Третий параграф - "Контексты эпохи: этос средневекового бюргерства" - раскрывает специфику складывающегося в период высокого Средневековья нравственного самосознания городских жителей. Оно характеризуется особым духом коммунального единства, которое регламентировалось правилами ремесленных цехов, уставами всевозможных гильдий и различных городских объединений. Эти требования распространялись не только на процесс производства и продажи товаров, но и на повседневную жизнь горожан. В этой связи подчеркивается, что формирующаяся мораль бюргерства с ее приоритетом частнособственнического интереса была в значительной мере противоположна устоям куртуазной культуры средневекового рыцарства. Горожанин мыслил себя в повседневных заботах о своем деле и видел свое достоинство в процветании своей фамилии. Тем самым совмещались доминанты божественного и мирского предназначения человека подобно тому, как в топографии средневекового города удивительным образом соединялись храм и рынок. Так создавалась новая форма средневековой городской религиозности, которой был свойственен строгий аскетический этос. Только ограничение своих желаний и эмоций, рационализация всех поведенческих актов могли обеспечить желаемый успех. Превыше всего ценилось "здравомыслие" и умение контролировать себя в самых трудных обстоятельствах дела. Именно такие требования предъявлялись в рамках системы городского образования к будущим купцам и ремесленникам. Кроме того, в данном параграфе рассматривается влияние на самосознание европейцев ужасающей по своим последствиям эпидемии чумы, впервые распространившейся по всей Европе в 1347 - 1350 годах. С одной стороны, согласно М. Фуко, именно это массовое заболевание привело к утверждению особых полномочий и технологий деятельности городской власти. С другой стороны, эти события порождали всеобщую панику и иррациональное чувство страха. В частности, под воздействием данных тенденций в западноевропейской культуре зародилось экстремальное мистическое движение флагеллантов. В конце параграфа отмечается, что ожидание неотвратимости сурового божественного суда, а также связанные с ним нравственный ригоризм, комплекс вины и ощущение своей неизбывной греховности составили неотъемлемый контекст развития процедуры исповеди в период XIII - XVI веков и заложили определенный фундамент для экспликации строгих моральных норм в рамках средневекового схоластического дискурса.

В четвертом параграфе - "Утверждение процедуры исповеди: исторический нарратив" - описывается широкая историко-культурологическая канва и рассматривается соответствующая периодизация становления церковного таинства исповеди от первоначального христианства до эпохи Нового времени. В работе указывается, что первый этап, признанный большинством исследователей, охватывает период со II по VII века. Но официальное признание исповеди было осуществлено лишь в 452 году папой Львом I. При этом подчеркивается, что в ранний период христианства практика исповеди и покаяния имела публичный характер и отличалась крайне суровыми мерами наказания за совершенные прегрешения. Кающиеся грешники выводились за рамки общины в особую группу. На них возлагались тяжелые епитимьи и всевозможные ограничения. Это приводило к тому, что верующие откладывали процедуру раскаяния до смертного одра.

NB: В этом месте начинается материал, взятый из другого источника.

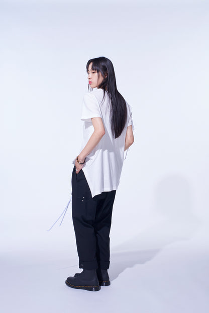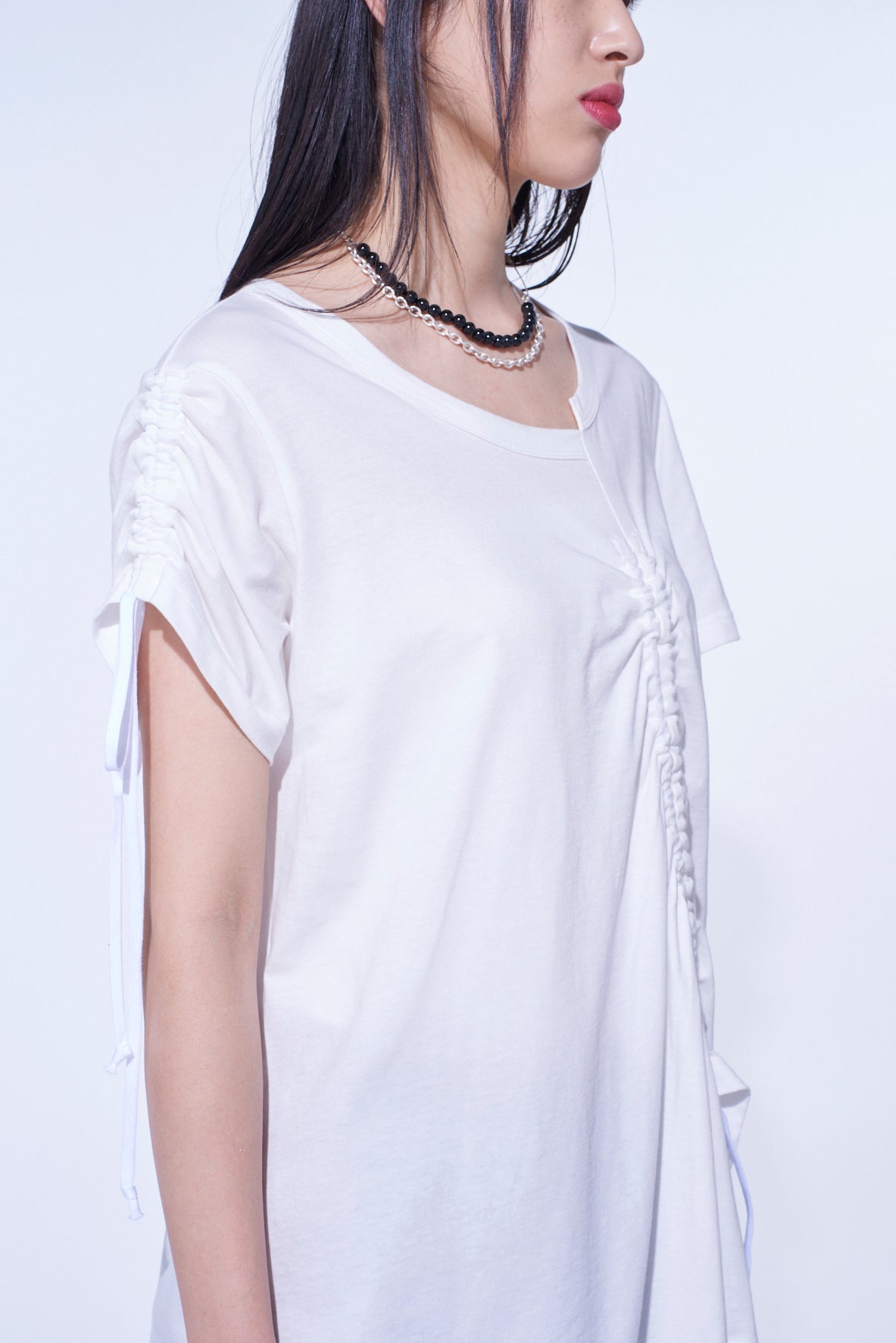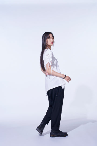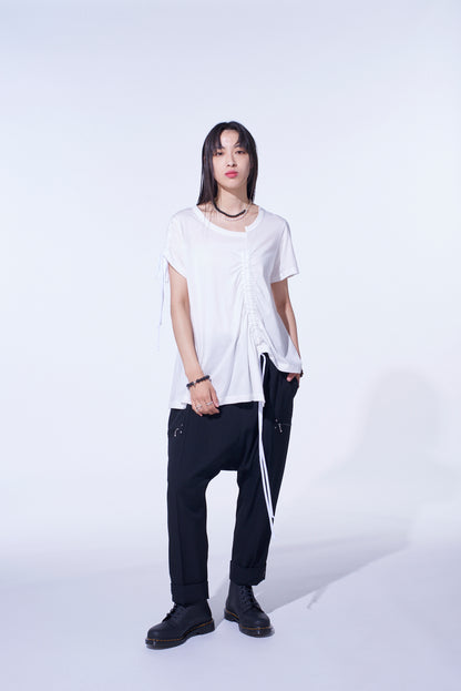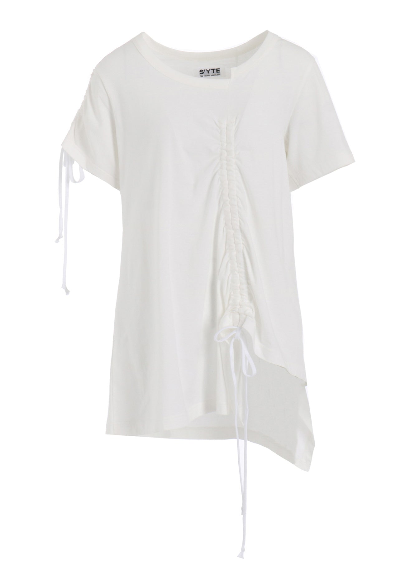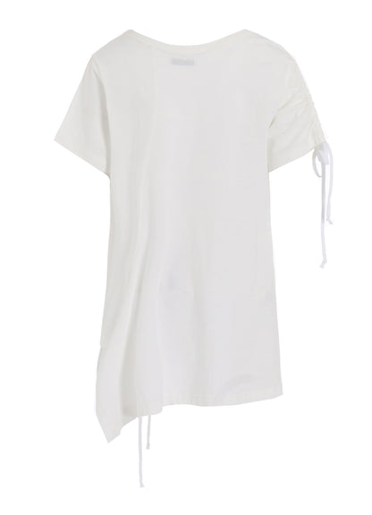 SOFT JERSEY ASYMMETRICAL T-SHIRT WITH GATHERED STRINGS

Второй период в истории исповеди начинается с 600 года, когда в Европе постепенно распространяются ирландские традиции и связанные с ними пенитенцалии ("покаянные книги"), своеобразные пособия для священников. В них, с одной стороны, классифицировались все грехи, с другой стороны, устанавливались более умеренные методы и способы наказания. В работе отмечается, что данная трансформация значительно преобразила смысл процедуры исповеди и покаяния. Теперь главным условием преодоления греха стало не наказание верующего, а глубина его личного раскаяния, напряженность душевных переживаний. Кроме того, исповедь получила статус тайной. Предельно возвысилась и роль исповедника. Этот этап преобразований завершился в 1215 году признанием на IV Латеранском соборе обязательности исповеди для всех верующих хотя бы раз в год. Последующее становление процедуры исповеди в католическом мире лишь продолжило экспликацию данных тенденций, усиливая психологические акценты переживания вины и раскаяния. В этом контексте в работе обращается внимание на тот примечательный факт, что в 1545 - 156З годах в целях опровержения протестантских учений М. Лютера и Ж. Кальвина Латеранские декреты были подтверждены de fide на знаменитом Тридентском соборе. При этом в диссертации подчеркивается, что лютеранство, отвергнув внешнюю сторону процедуры покаяния, еще более усилило чувство внутреннего раскаяния, развивая процесс интериоризации сознания европейского индивида.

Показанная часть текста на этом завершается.